Thursday 10 May 2012

Boiling Reef

At the end of April, I took my Grade 9 class on their West Coast sailing trip to British Columbia's Gulf Islands.  Like last year, I thought it would be interesting for you if I featured a few of the birds and birding hotspots that we saw during the trip.  Once again the students were unsurprisingly bemused by my birdwatching but I think I made a few connections.  At least two or three students were getting very good at identifying seabirds by the end of the trip and were doing so without any prompting from me.  We also found a beautiful Townsend's Warbler which hung around on a low branch long enough for one teenager to say "OK, I guess that's pretty cool looking"!  Progress?

The warbler was on Tumbo Island, part of the Gulf Islands National Park Reserve, just a short distance from Boiling Reef where we went to look for sea lions, porpoises, and a diverse collection of seabirds.  As you can see from the map below, the reef sits right at the convergence of currents where the tides empty and fill the Strait of Georgia.  This twice daily flow stirs up nutrients creating a rich feeding ground for all types of marine life.

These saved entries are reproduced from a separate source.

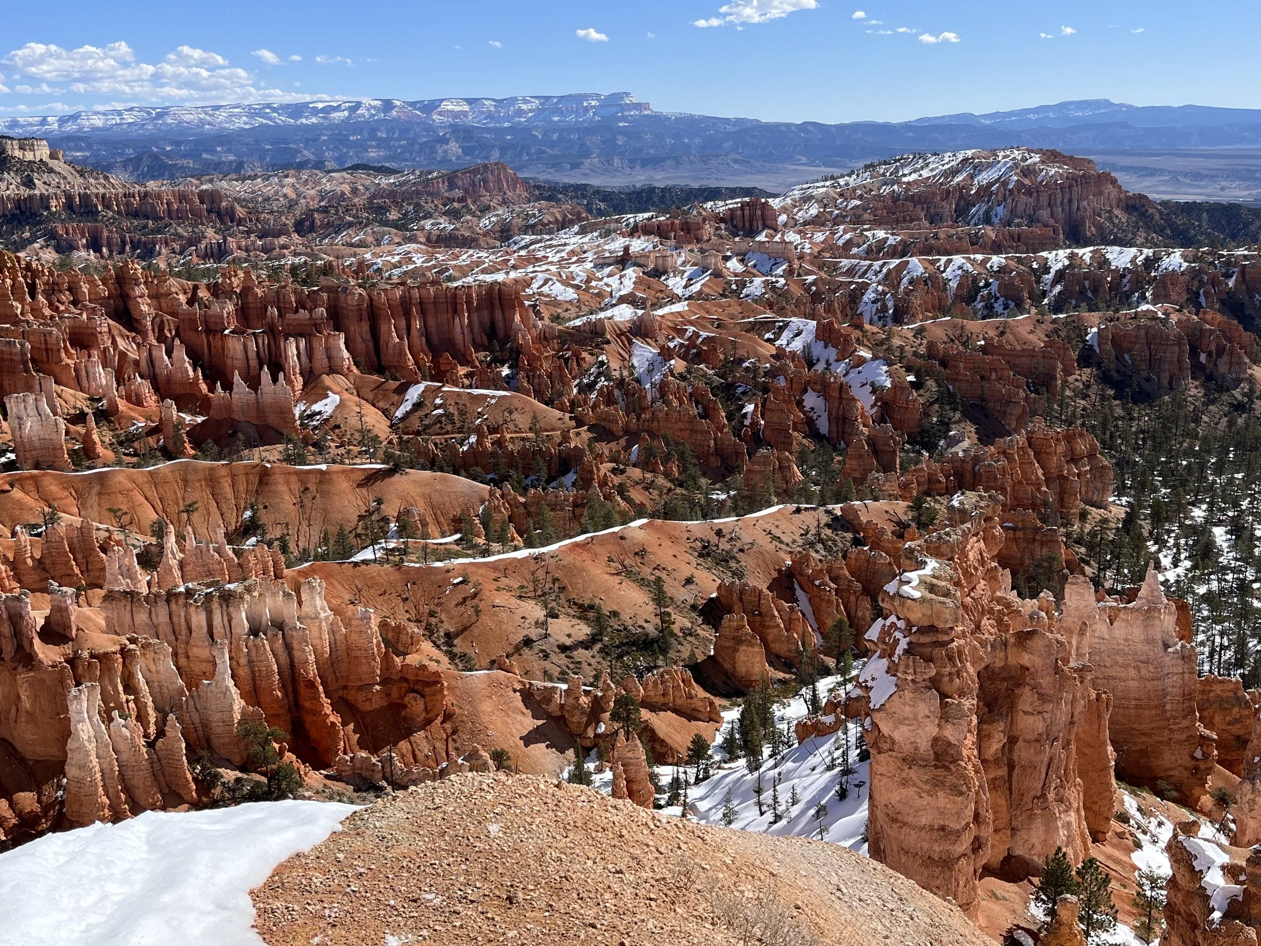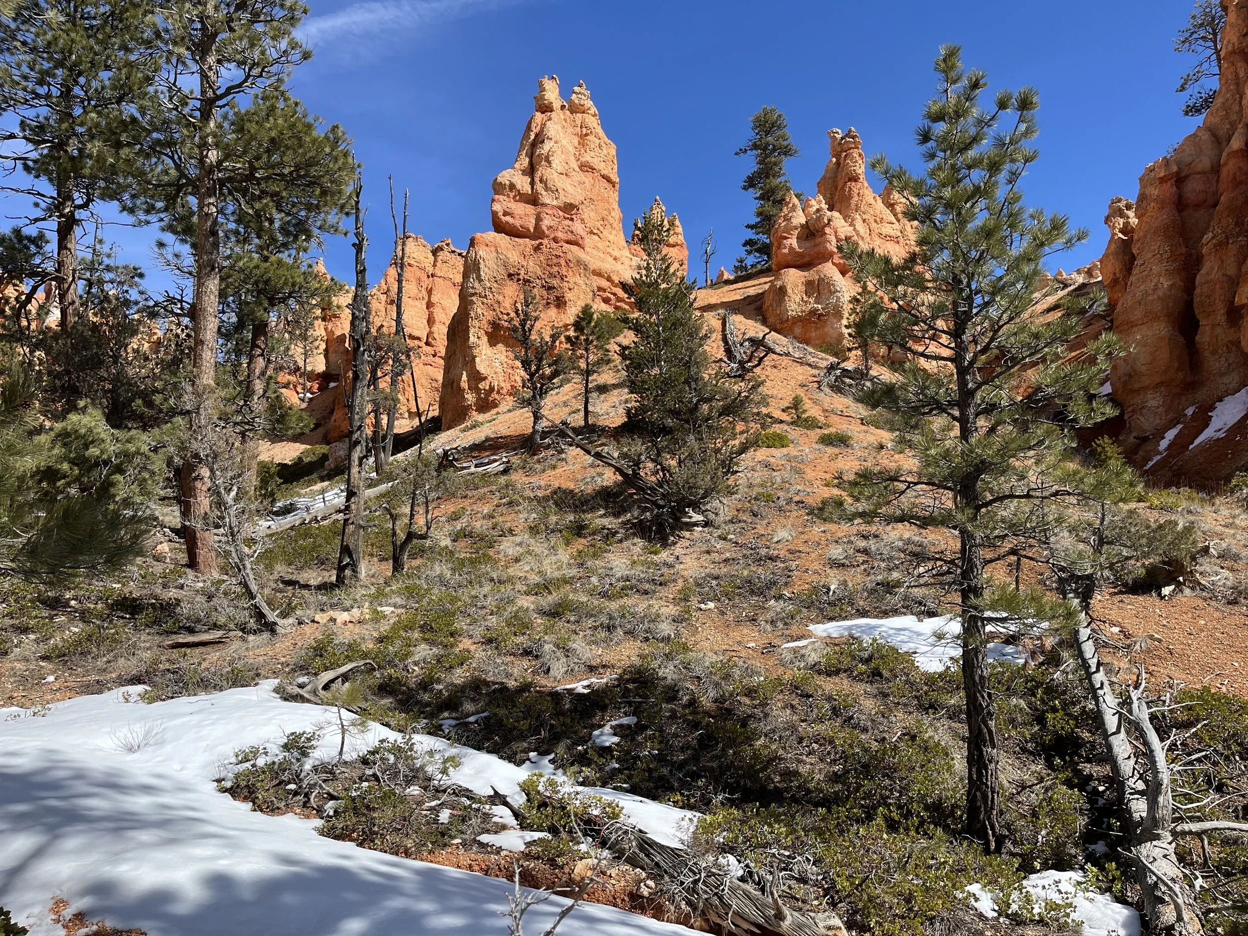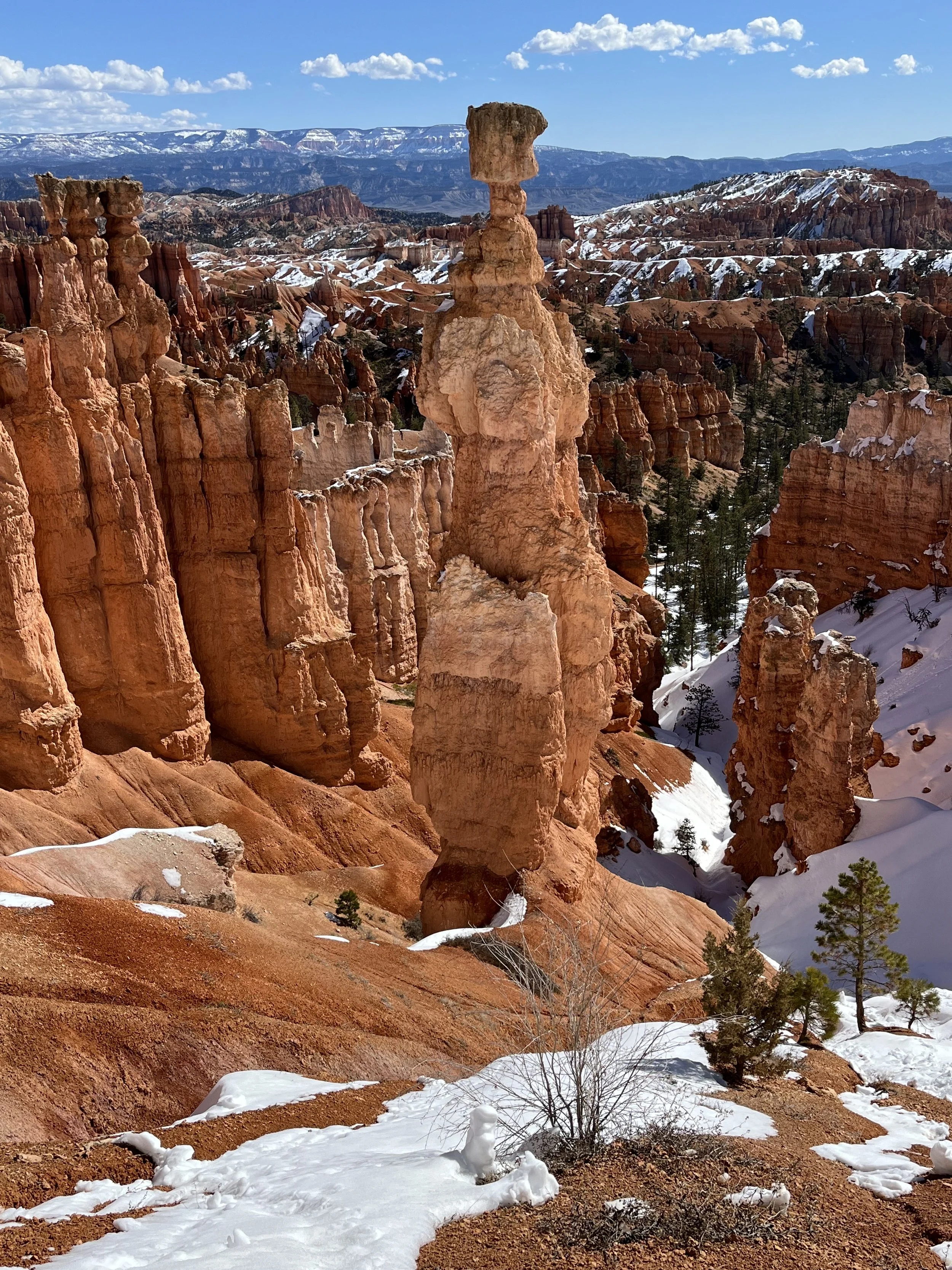 Our route to reach the park followed Highway 12 west from Zion National Park and then south on Highway 63 to the entrance station. After a brief stop at the visitor center, we drove the 29-kilometer Rim Road, pausing at most of the park’s thirteen overlooks including Rainbow Point, the park’s highest location (2,775m). Parking near Sunset Point, we set out to complete a segment of trail offering views of Bryce Amphitheater that would take us below the rim and along a loop that terminated at Sunrise Point. Nineteen kilometers long and 250 meters deep, Bryce Amphitheater is the park’s largest feature. We followed two out-and-back trails, Navajo Loop and Queens Garden. The initial descent into Bryce Amphitheater is a series of steep switchbacks. I slipped on sections of the trail still covered by patches of winter snow and ice. At the second switchback we stopped to photograph Thor’s Hammer, one of the park’s most iconic hoodoos that is formed by a rock column topped by a chunk of caprock. The route continued past rock formations carved by differential weathering including the “Gossips,” “Organ Grinder’s Monkey,” and “Queen Victoria.” Our final kilometer involved a climb back to the rim.
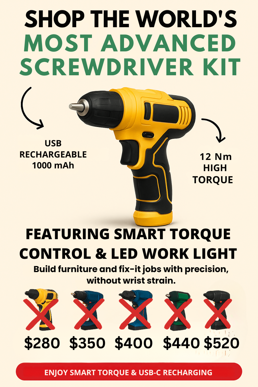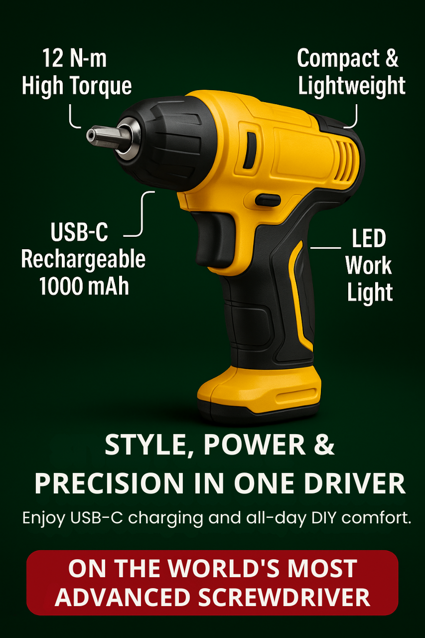 The Fixora Screw Gun delivers cordless freedom with a 1000mAh USB-rechargeable battery, making it easy to handle repairs anywhere without worrying about tangled wires.
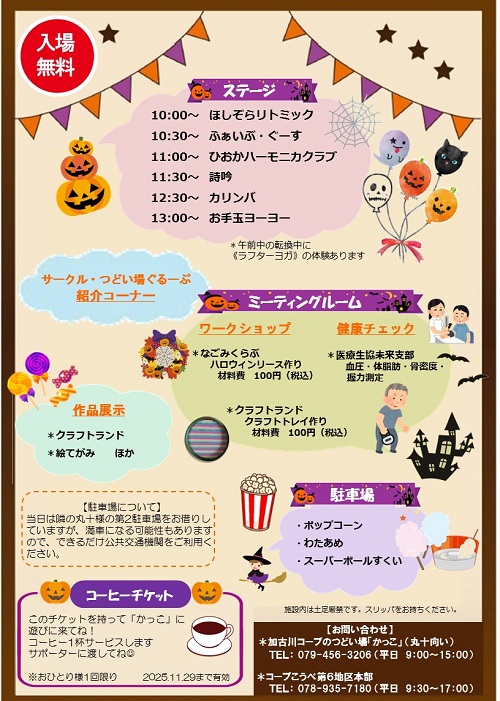 加古川コープのつどい場「かっこ」で活動するサークルやコープ委員が「かっこまつり」を開催します! コープ商品の試食や販売、健康チェック、ハーモニカなどのステージ演奏、ハロウィーンにちなんだワークショップなどを行います。 屋外ではポップコーン、スーパーボールすくいなどのブースも♪ スタンプラリーでプレゼントがもらえるなど、子どもから大人まで楽しめるイベントです!
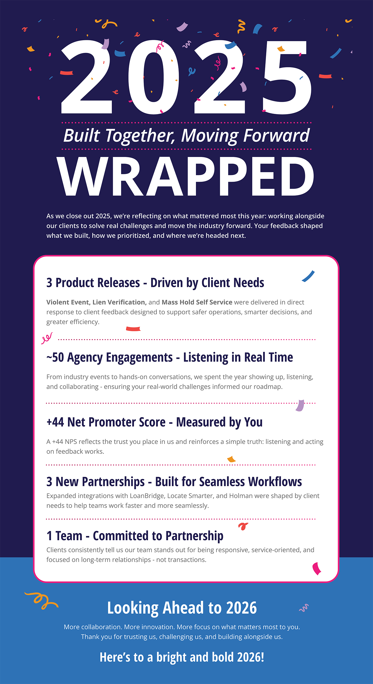 Violent Event, Lien Verification, and Mass Hold Self Service were delivered in direct response to client feedback designed to support safer operations, smarter decisions, and greater efficiency.

View Boiling Reef Location in a larger map

The currents were in full flow when we were there, creating surging whitewater between the lighthouse on the point of Saturna Island and the reef, which was covered in Stellar's Sealions.  The loud and smelly marine mammals were certainly the most obvious life to be seen but porpoises were busy feeding between hundreds of bobbing seabirds.  Among the birds, alcids were probably the most common group of species.  These are sometimes described as the penguins of the north, swimming underwater with powerful wing strokes to propel them along in pursuit of prey, and I managed to get half-decent shots of three species during the trip (some not taken right at the above location - click images to enlarge)
Pigeon Guillemot, Cepphus columba, after a successful hunt
Common Murre, Uria aalge, this is a first year plumage bird (according to Mr. Sibley!)
Rhinoceros Auklet, Cerorhinca monocerata, - most of the alcids would dive as the boat approached and surface hundreds of metres away so it was nice to see a few in flight showing off their plumage
Alcids may have provided the diversity but it was the gulls that provided the numbers, specifically thousands of Bonaparte's Gulls rafting up and flying around in huge flocks as they prepared for their spring migration.  A little further to the north, in Active Pass, we sailed through a single tightly grouped flock which had, at a very conservative guess, 5000-7000 individuals.
It's nice to have friends - one of these Bonaparte's Gulls has lost a contact lens! (Actually they are feeding on small organisms on the surface of the water that have been stirred up by the current, which is more scientific but less funny.)
There were also some life birds to be had in the area as well.  Among the many sea ducks were White-winged Scoter, a new species for me, along with Surf Scoter.  Perhaps most exciting were Long-tailed Ducks which felt like a life bird as my previous "tick" had been long range scope views of a female in winter plumage on Glenmore Reservoir.
Oh, that's why they call it a Long-tailed Duck!
So those are some highlights of the impressive diversity of nearshore seabirds that we saw on our trip.  I'll follow-up with some passerines and more familiar landbirds in the coming weeks.